Dia juga meminta pihak berwenang Saudi untuk "membentuk penyelidikan yang independen dan transparan" atas insiden tersebut dan meminta pertanggungjawaban para pelaku.
MEE telah meminta kementerian luar negeri Saudi untuk mengomentari insiden itu tetapi tidak mendapat tanggapan.
Status Twitter Berujung Penjara Lagi, Wanita Arab Saudi Dibui 45 Tahun
Arab Saudi juga tengah jadi sorotan akibat hukuman terkait status Twitter oleh sejumlah aktivis perempuan.
Terkini, status Twitter berujung penjara kembali melanda wanita Arab Saudi dengan hukumannya lebih dahsyat. Pengadilan terorisme kerajaan memvonisnya 45 tahun penjara karena menggunakan media sosial untuk "melanggar ketertiban umum", menurut dokumen pengadilan yang dilihat oleh kelompok hak asasi manusia.
"Nourah binti Saeed al-Qahtani dijatuhi hukuman 45 tahun penjara setelah pengadilan pidana khusus memvonisnya karena menggunakan internet untuk merobek tatanan sosial [Arab Saudi]", menurut dokumen yang diperoleh dan ditinjau oleh Democracy for the Arab World Now (Dawn) --sebuah organisasi yang didirikan oleh Jamal Khashoggi, seperti dikutip dari The Guardian, Rabu (31/8/2022).
Dawn membagikan temuannya, yang katanya diverifikasi oleh sumber-sumber Arab Saudi, dengan Guardian.
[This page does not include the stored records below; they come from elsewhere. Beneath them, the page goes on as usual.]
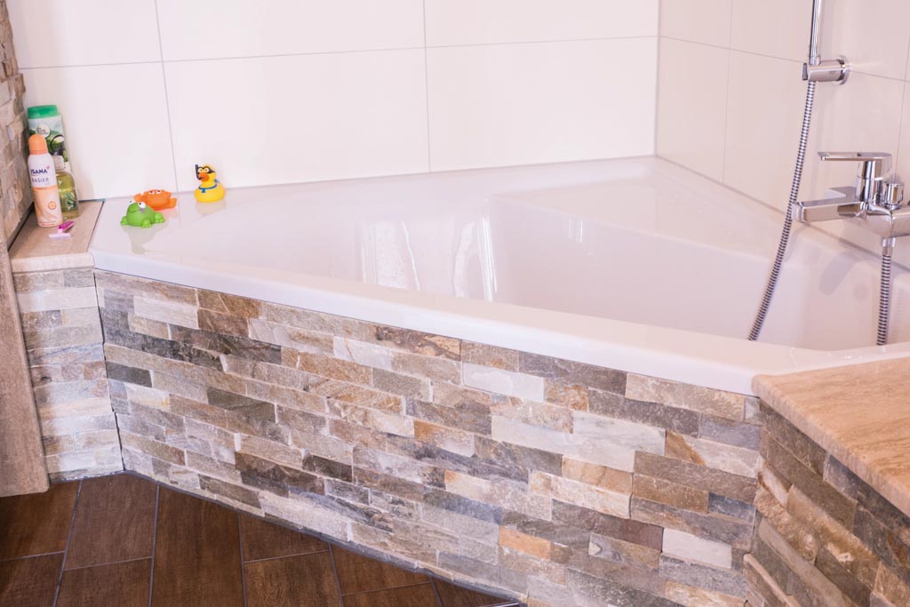 Küche mit Unterbaubecken mit Naturstein-Verblender und Riemchen
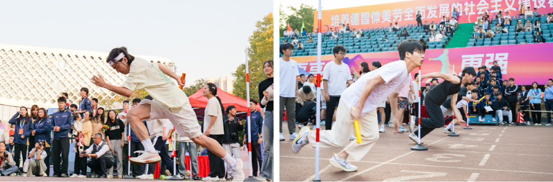 我主要参与跟拍运动员的工作,这需要我在现场保持注意力集中,并要善于观察、预判运动员的动作。很庆幸我们团队提前做好了沟通,大家各司其职,配合默契。今年是我第二次参与运动会的拍摄任务,很高兴能将自己的技能传授给学弟学妹,也在这次运动会中看到了自己的成长,能用自己的技能定格下运动健儿们的高光时刻,我感到无比满足。
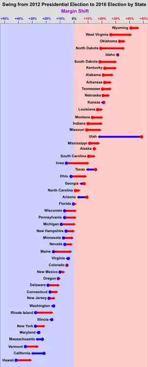 ![]() Presidential election results map. Red denotes states won by Trump/Pence and blue denotes those won by Clinton/Kaine. Numbers indicate electoral votes cast by each state and the District of Columbia. Trump received 304 and Clinton 227, as 7 faithless electors, 2 pledged to Trump and 5 to Clinton, voted for other candidates. | |||||||||||||||||||||||||||||
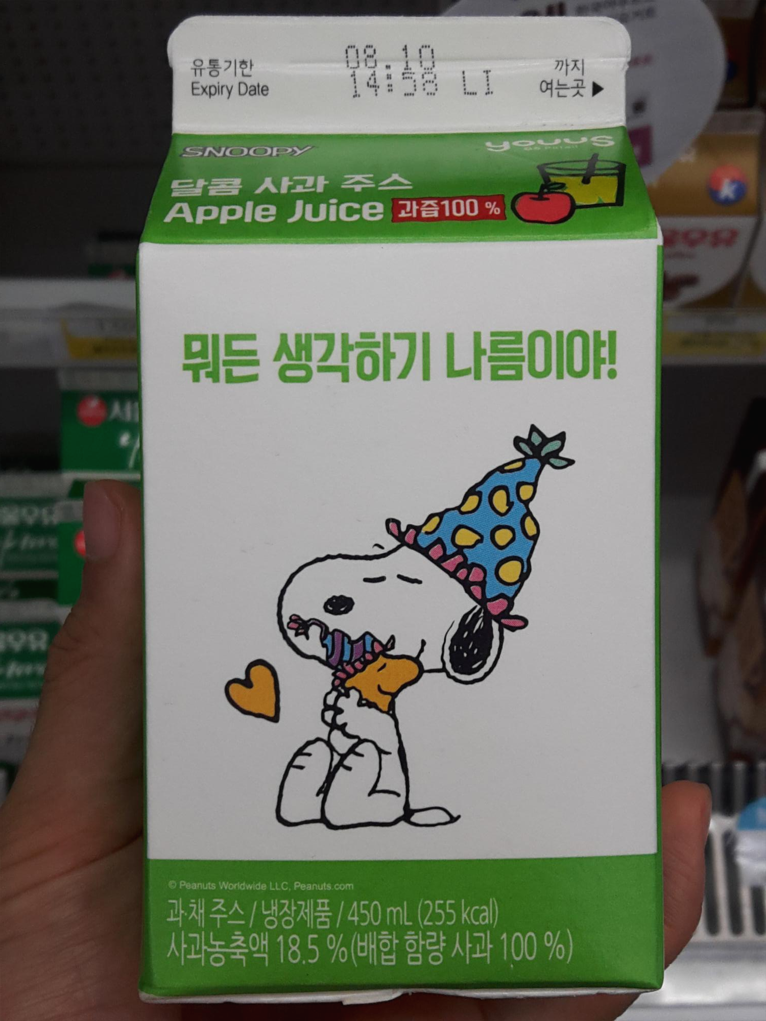 패키지디자인은 전면에 스누피 그림과 함께 좋은 응원글귀가 적혀 있네요. 스누피 우유류랑 동일한 레이아웃이고요. 스누피 그림이 다르고, 전경색이 사과를 연상시키는 연두색이네요.
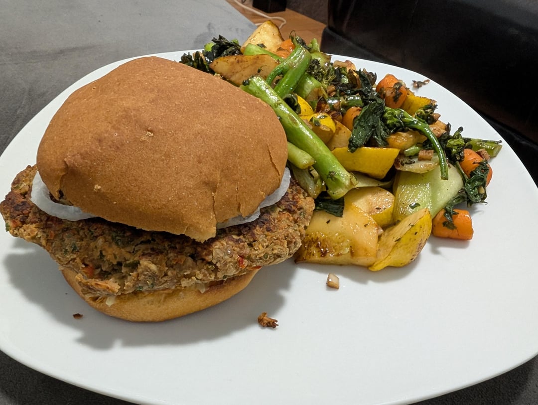 3) This is a veggie burger I whipped up before school and froze to make meal prep easier. They've got white beans, oats, egg white, tvp, nutritional yeast, walnuts, red pepper, kale, carrots, scallions, spices. Could have used a better bun but had to use up a gluten free bun from when I thought my wife might have celiac (she doesn't!). I think this is an appropriate amount of sauteed veggies on the side, all from the farmers market.

Sedikit rincian yang diketahui tentang Qahtani, termasuk usianya atau suasa di sekitar penangkapan dan hukumannya.
Tetapi berita tentang hukumannya selama beberapa dekade mengemuka beberapa minggu setelah Salma al-Shehab, seorang mahasiswa PhD di Universitas Leeds Inggris yang juga ibu dari dua anak, dinyatakan bersalah dan dijatuhi hukuman 34 tahun penjara ketika dia kembali ke Saudi untuk istirahat liburan.
Dokumen pengadilan dalam kasus Shehab, wanita yang berusia 34 tahun, mengungkapkan dia telah dihukum karena dugaan kejahatan mengikuti akun Twitter individu yang "menyebabkan kerusuhan publik dan mengganggu stabilitas keamanan sipil dan nasional". Dalam beberapa kasus, dia me-retweet tweet yang diposting oleh para pembangkang di pengasingan.
Shehab mengatakan kepada pengadilan Saudi bahwa dia telah menghadapi pelecehan dan pelecehan selama penahanannya, termasuk menjadi sasaran interogasi setelah diberi obat yang membuatnya kelelahan.